GIVEN INFORMATION below:

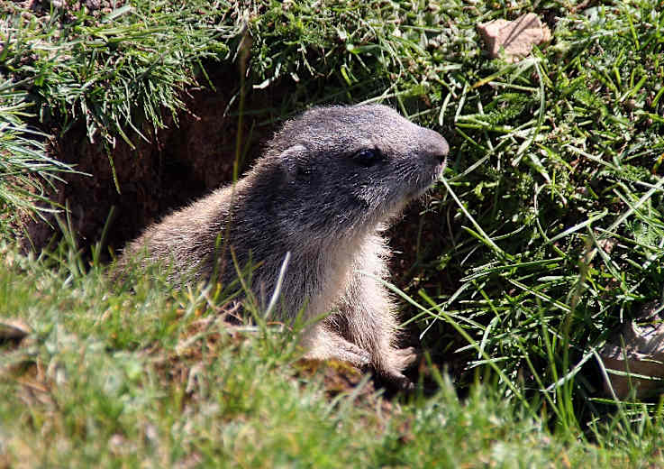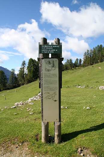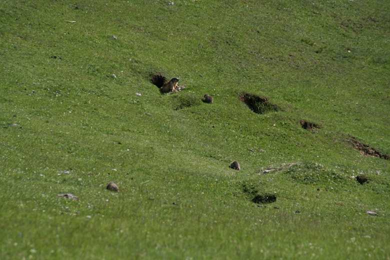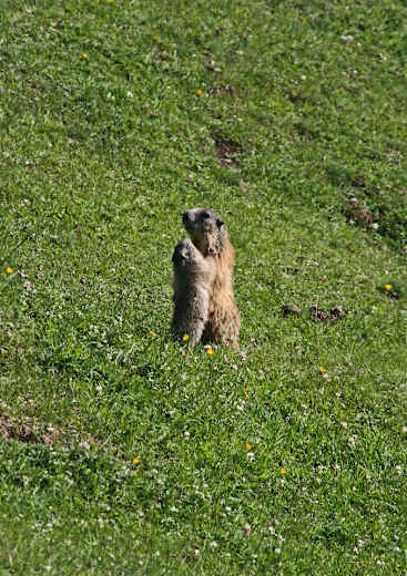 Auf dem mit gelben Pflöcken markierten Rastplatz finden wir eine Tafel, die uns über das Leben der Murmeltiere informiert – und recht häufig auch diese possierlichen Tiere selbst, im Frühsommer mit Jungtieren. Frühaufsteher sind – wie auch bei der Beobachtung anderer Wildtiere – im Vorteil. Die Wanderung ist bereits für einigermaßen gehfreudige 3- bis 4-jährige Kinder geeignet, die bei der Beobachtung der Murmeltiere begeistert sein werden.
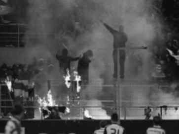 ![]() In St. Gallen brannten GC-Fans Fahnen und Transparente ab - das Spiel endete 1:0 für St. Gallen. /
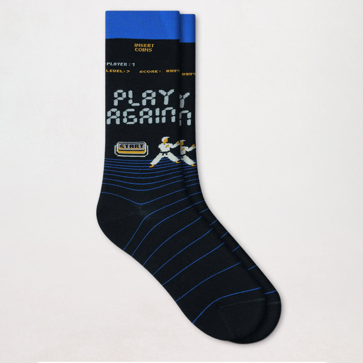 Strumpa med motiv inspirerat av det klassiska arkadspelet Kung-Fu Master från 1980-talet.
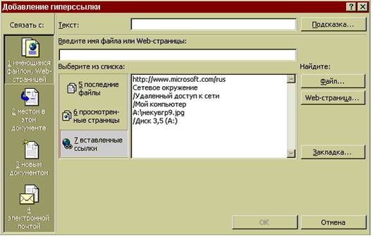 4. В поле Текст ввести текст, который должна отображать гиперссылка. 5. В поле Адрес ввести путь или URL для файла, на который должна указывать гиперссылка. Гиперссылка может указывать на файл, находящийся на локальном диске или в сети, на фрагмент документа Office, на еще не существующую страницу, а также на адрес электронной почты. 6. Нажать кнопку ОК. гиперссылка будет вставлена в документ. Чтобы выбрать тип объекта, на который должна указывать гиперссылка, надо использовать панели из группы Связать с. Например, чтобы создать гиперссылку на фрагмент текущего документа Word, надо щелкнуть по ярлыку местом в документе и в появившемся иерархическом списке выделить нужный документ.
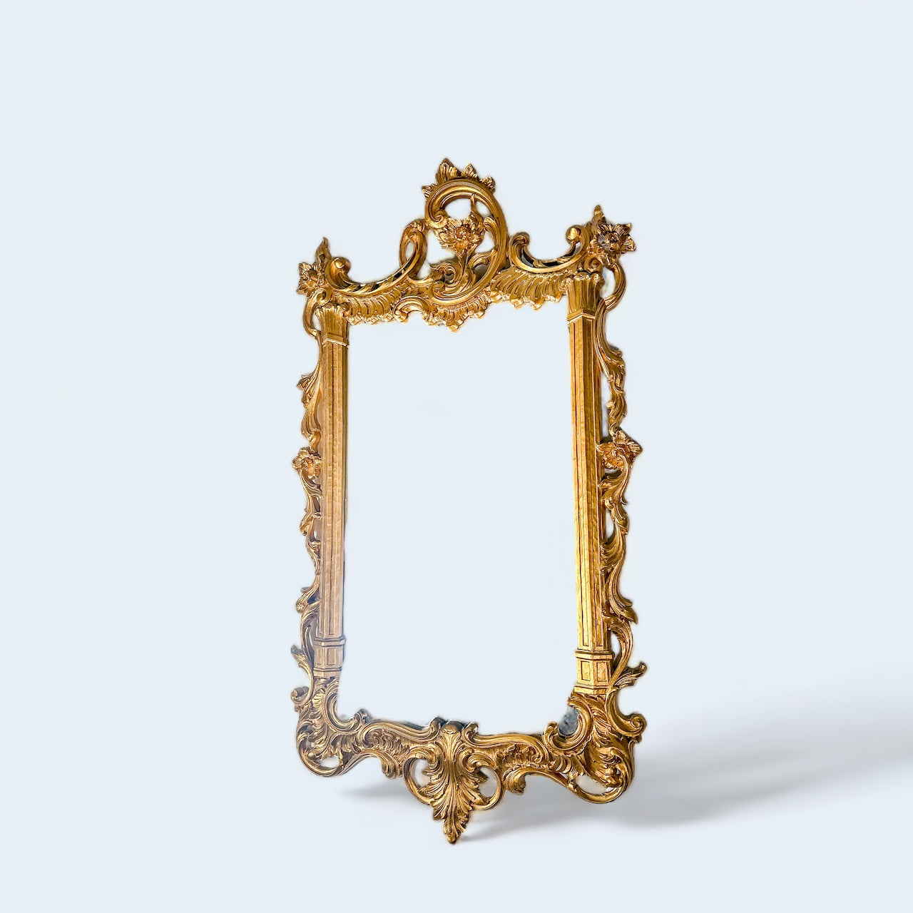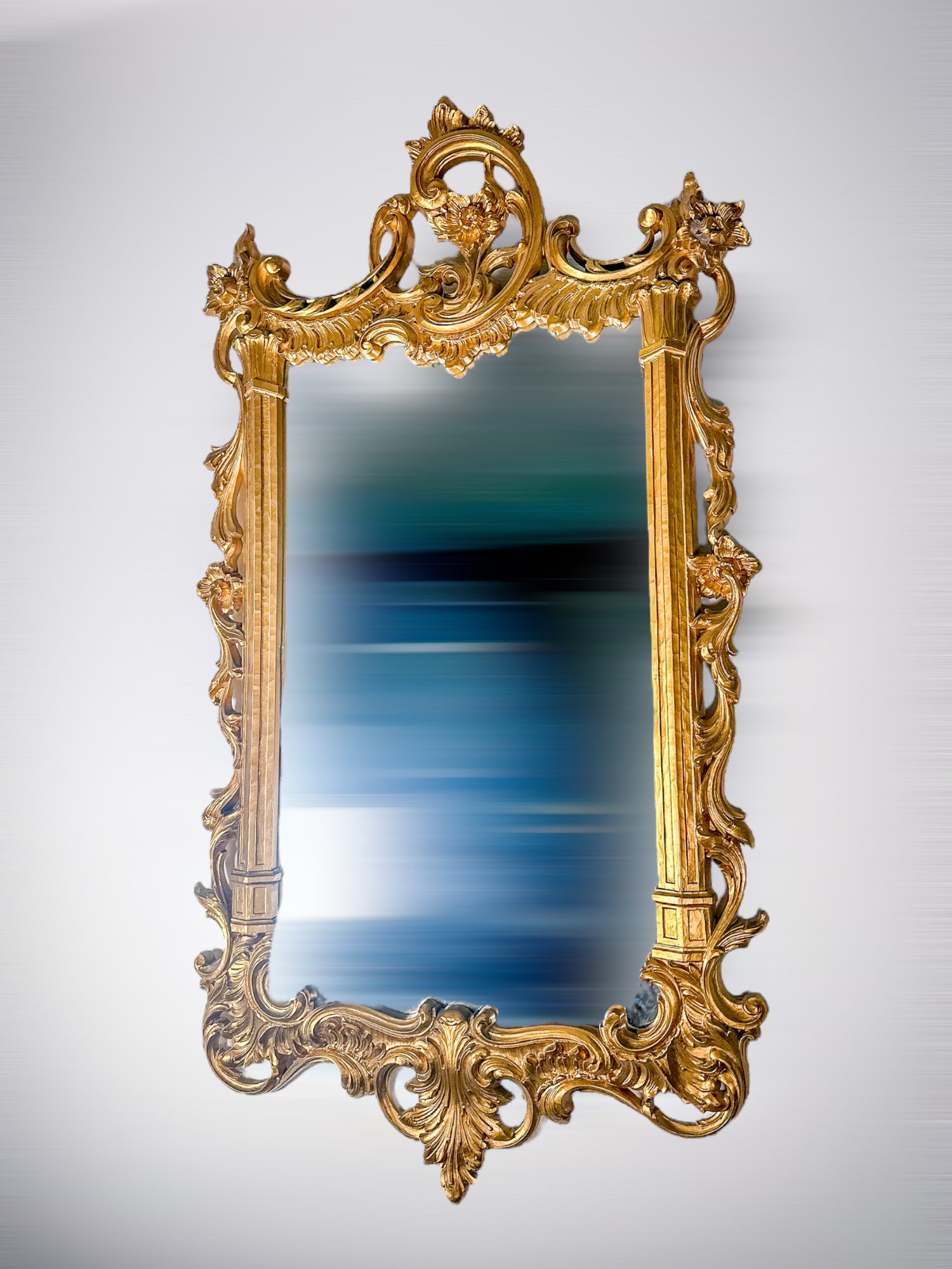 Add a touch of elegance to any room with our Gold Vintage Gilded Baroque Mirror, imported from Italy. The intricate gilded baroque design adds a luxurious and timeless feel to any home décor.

End of GIVEN INFORMATION.

▸ EXERCISE DETAILS
Could you write out the whole listing exactly, dropping the pictures?

▸ REPLY TO THE EXERCISE
 Auf dem mit gelben Pflöcken markierten Rastplatz finden wir eine Tafel, die uns über das Leben der Murmeltiere informiert – und recht häufig auch diese possierlichen Tiere selbst, im Frühsommer mit Jungtieren. Frühaufsteher sind – wie auch bei der Beobachtung anderer Wildtiere – im Vorteil. Die Wanderung ist bereits für einigermaßen gehfreudige 3- bis 4-jährige Kinder geeignet, die bei der Beobachtung der Murmeltiere begeistert sein werden.
 ![]() In St. Gallen brannten GC-Fans Fahnen und Transparente ab - das Spiel endete 1:0 für St. Gallen. /
 Strumpa med motiv inspirerat av det klassiska arkadspelet Kung-Fu Master från 1980-talet.
 4. В поле Текст ввести текст, который должна отображать гиперссылка. 5. В поле Адрес ввести путь или URL для файла, на который должна указывать гиперссылка. Гиперссылка может указывать на файл, находящийся на локальном диске или в сети, на фрагмент документа Office, на еще не существующую страницу, а также на адрес электронной почты. 6. Нажать кнопку ОК. гиперссылка будет вставлена в документ. Чтобы выбрать тип объекта, на который должна указывать гиперссылка, надо использовать панели из группы Связать с. Например, чтобы создать гиперссылку на фрагмент текущего документа Word, надо щелкнуть по ярлыку местом в документе и в появившемся иерархическом списке выделить нужный документ.
 Add a touch of elegance to any room with our Gold Vintage Gilded Baroque Mirror, imported from Italy. The intricate gilded baroque design adds a luxurious and timeless feel to any home décor.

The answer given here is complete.